Dorsal transverse crests connecting notopodial postchaetal lamellae are absent in this species. As in L. ( Laonice ), this character allows the recognition of various morphological subgroups within L. ( Sarsiana ), which may or may not have a phylogenetic significance. In particular, the absence of dorsal transverse crests in L. ( Sarsiana ) is usually combined with the presence of (1) a minute membrane connecting the anterior angles of prostomium and peristomium, usually sunken in the groove between them, and (2) hooded hooks in the most posterior notopodia. This combination of characters is also present in L. sarsi Söderström, 1920 , L. antarcticae Hartman, 1953 , L. dayianum Sikorski, 1997 , L. rossica Sikorski, 2003 , L. olgae Sikorski & Pavlova, 2016 , and L. alberti Sikorski et al., 2021 . Moreover, L. praecirrata Hartmann-Schröder, 1965 , L. nuchala Blake, 1996 , L. junoyi Aguirrezabalaga & Ceberio, 2005 , L. parvabranchiata Radashevsky & Lana, 2009 , and L. whittardensis Sikorski et al., 2017 also resemble morphologically L. apicelamella sp. nov.
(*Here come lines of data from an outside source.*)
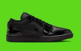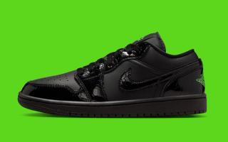 Recently, an Air Jordan 1 Low appeared in a "Black/Black/Black/Scream Green" color scheme. The two-tone style evokes images of 2005's "Altitude" Air Jordan 13, a pair that helped build Team Jumpman's roster post-Michael Jordan's final retirement. What's curious about the shorter offering, however, is that it features textured patent leather panels around the forefoot and lower heel; along the tongue; and via profile swooshes.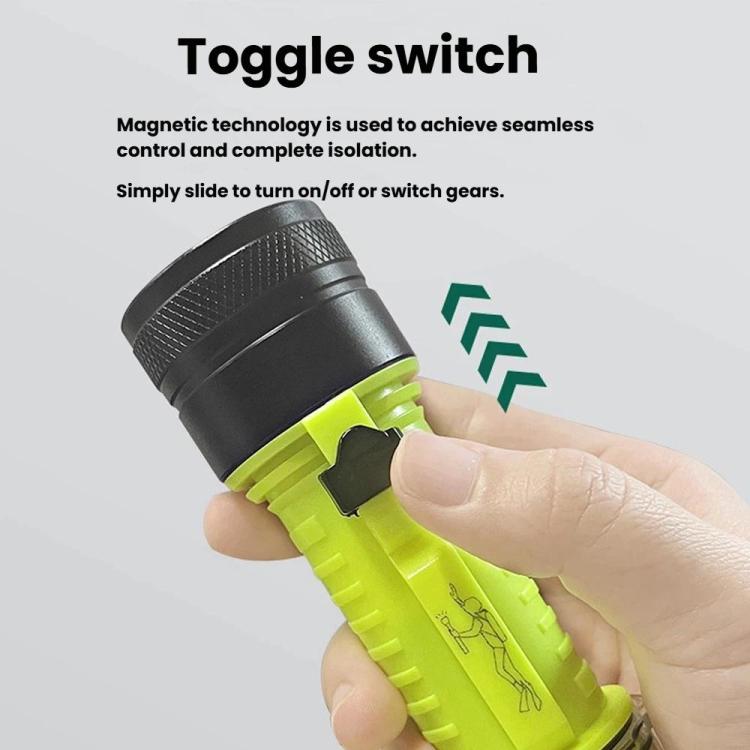 8. Features: Diving flashlight, three modes (high light - low light - strobe), magnetic push-button switch, submersible up to 80 meters, IPX8 waterproof.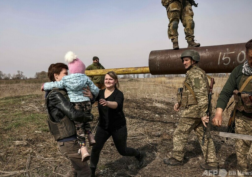ウクライナ侵攻、パイプライン渡って逃げる家族

In L. apicelamella sp. nov. the lateral inter-neuropodial pouches appear from chaetiger 5–6, while in L. sarsi they start from 4–33, with only the specimens measuring less than 0.4 mm wide having lateral pouches starting before chaetiger 8 ( Sikorski 2003a). In L. rossica they range from 2–50, and only specimens less than 0.4 mm wide may have lateral inter-neuropodial pouches starting before chaetiger 8 ( Sikorski 2003b). Laonice antarcticae has lateral inter-neuropodial pouches from chaetiger 3–4 and nuchal organs extending to chaetiger 12–13 ( Sikorski, 2011) (9–10 in L. apicelamella sp. nov.); L. olgae has lateral inter-neuropodial pouches starting at chaetigers 32–33 and L. alberti at chaetiger 21–34, but also nuchal organs reaching chaetiger 5–7 and neuropodial hooks starting at chaetiger 35–38 (28–32 in L. apicelamella sp. nov.), and branchiae absent from chaetiger 31–39 (24–29 in L. apicelamella sp. nov.). Laonice dayianum has longer nuchal organs reaching chaetiger 12–14, lateral inter-neuropodial pouches starting from chaetiger 18–28, and sabre chaetae from chaetiger 26 (11–20 in L. apicelamella sp. nov.) ( Sikorski 2011). Laonice parvabranchiata has lateral inter-neuropodial pouches starting from chaetiger 14–16, sabre chaetae from chaetiger 27–29, neuropodial hooks after chaetiger 42, and branchiae absent from chaetiger 35 onwards. Laonice junoyi has shorter nuchal organs extending for 6–7 chaetigers and lateral inter-neuropodial pouches starting at chaetiger 8–9. Laonice nuchala and L. praecirrata have longer nuchal organs reaching chaetiger 13 and 15–21, respectively, lateral inter-neuropodial pouches starting at chaetigers 7–8 and 9–24, and more numerous branchiae (>47 and 59, respectively). The deep-sea species L. whittardensis measures less than 0.4 mm wide and can be distinguished from L. apicelamella sp. nov. by the majority of morphological characters discussed above ( Sikorski et al. 2017). Finally, the characteristic presence of nototrochs on several postbranchiate chaetigers in L. apicelamella sp. nov. is rarely present in the other morphologically similar species.